Его характер, легкоранимый, гордый и простой одновременно, по-человечески глубокий берет начало в национальном характере русских, в то же время формируя этот национальный характер. Он был в высшей степени человеком долга, но в разное время долг понимал по-разному. В семидесятые годы у меня на глазах он шаг за шагом стал осваивать современную зарубежную литературу, искусство, экологию, вышел на новый уровень понимания роли человека, писателя, гражданина. Мировые процессы постепенно вошли в поле зрения поэта, отсюда его любовь к путешествиям, формирование мироощущения «позднего» Михаила Дудина. Мир по-настоящему волновал его и манил. Он отдал дань моде, создавая стихи во время поездок и они выходили подчас поспешными. Но вырисовывался новый, интересный период в творчестве поэта, отмеченный широтой охвата тем, драматизмом темперамента, а в перестроечные годы и трагизмом мироощущения.
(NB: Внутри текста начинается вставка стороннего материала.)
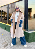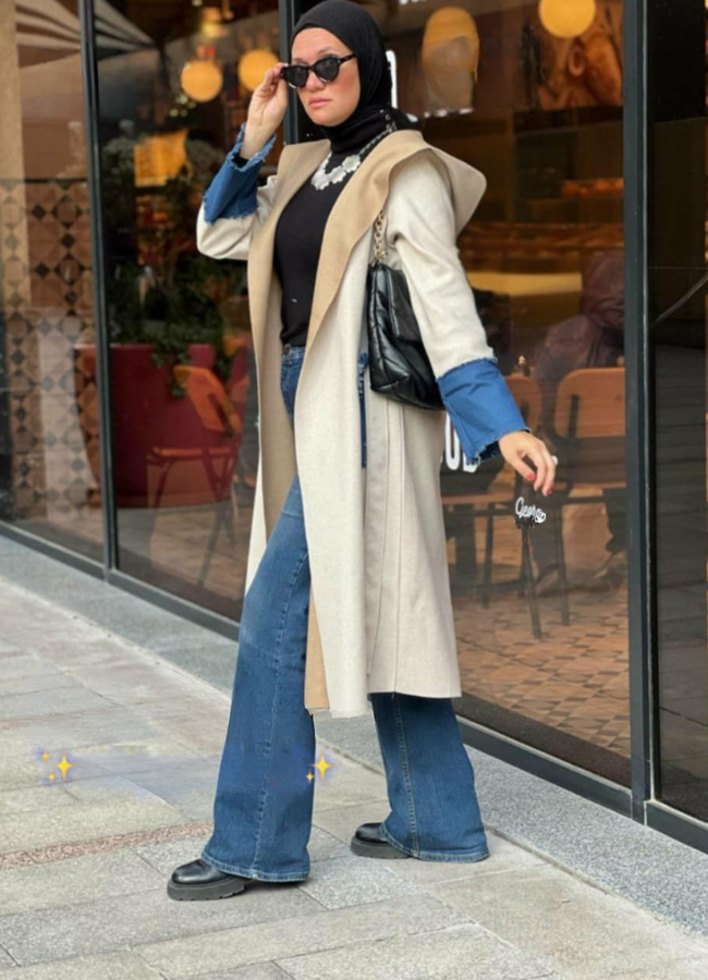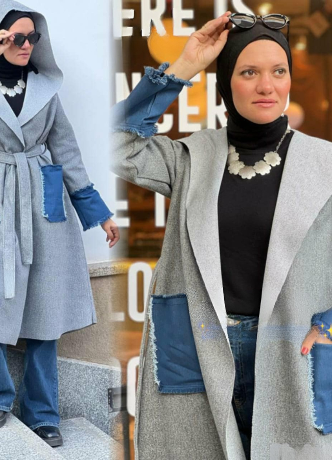 Made from a high-quality blend of wool and denim, this coat is perfect for transitional seasons, offering both warmth and breathability.

Будучи очень русским человеком, Дудин не стеснялся высказываться резко о той или иной национальной черте характера своего народа, не боялся выносить сор из избы. Это свойственно лишь подлинным натурам (речь здесь не о масштабах дарования), ибо подлинные не кривляются перед зеркалом времени. Дудин олицетворял для меня в чем-то сломленную революцией, израненную войной душу талантливого человека. В этой душе отразилось время.
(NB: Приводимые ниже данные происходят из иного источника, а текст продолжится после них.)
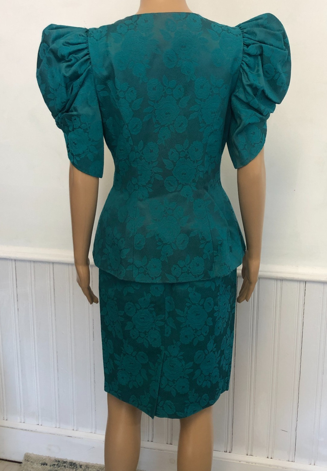 как выглядит Womens vtg 80s Brocade Skirt Set Sz 6 Puff Sleeves Pearls Lace Pencil Skirt EUC фото

Дудинское понимание другой страны (не через призму застолий и славословий) было рыцарским. Я могу это подтвердить, ибо именно наше знакомство послужило толчком для его открытия Армении». Он пришел в эту страну как путник, желающий напиться из родника истории и культуры, судьбы другого народа, хотя фляга с водой была у него в рюкзаке собственного опыта и разочарований. Дудин любил знакомиться со знаменитостями, любил популярность и даже славу (то и другое не обошли его), но он мужественно перешагнул за ложные ориентиры и попытался вплотную приблизиться к самой стране — к Армении. Это ему в достаточной степени удалось. Он ценил человеческие отношения, был верен им, но выше их ценил идею Родины. Его мысль была обращена к России, но не плакатно, не балалаечно, в мыслях о Родине он не брал на себя роль лидера своего поколения или глашатая национализма, он думал о Родине с какой-то кроткой откровенностью, с покаянием и ответственностью младшего сына одновременно. Он много говорил со мной об ошибках, совершенных им в жизни, даже о собственном малодушии. Но в этом состоял его сильный характер любящего и умеющего стоять, по его же словам, «с открытым лицом и принимающего все как есть».
Многие, даже хорошо знавшие его, видели в Михаиле Дудине насмешливого, легко шагающего по жизни человека. Могу заверить, что он таковым не был. Это был человек с очень тонкой организацией характера. Не рафинированный или изысканный, но именно тонкий. Он умел и любил поддерживать людей в нужный час, а не вообще. Это можно подтвердить на примерах югославского поэта Йоле Станишича, писателя Глеба Горбовского, поэта и художника Геннадия Алексеева… Избирательность в подходе к людям – тоже черта характера Михаила Дудина, и тоже одна из важнейших. На протяжении многих лет я наблюдал, как к нему напрашивались в знакомые, приятели или друзья очень и очень многие. А круг его подлинных друзей в Ленинграде был очень узкий и даже одно время он был просто потерян в мире людей, ибо, по природе своей будучи человеком открытым, очень общительным, отзывчивым, он был почти одинок.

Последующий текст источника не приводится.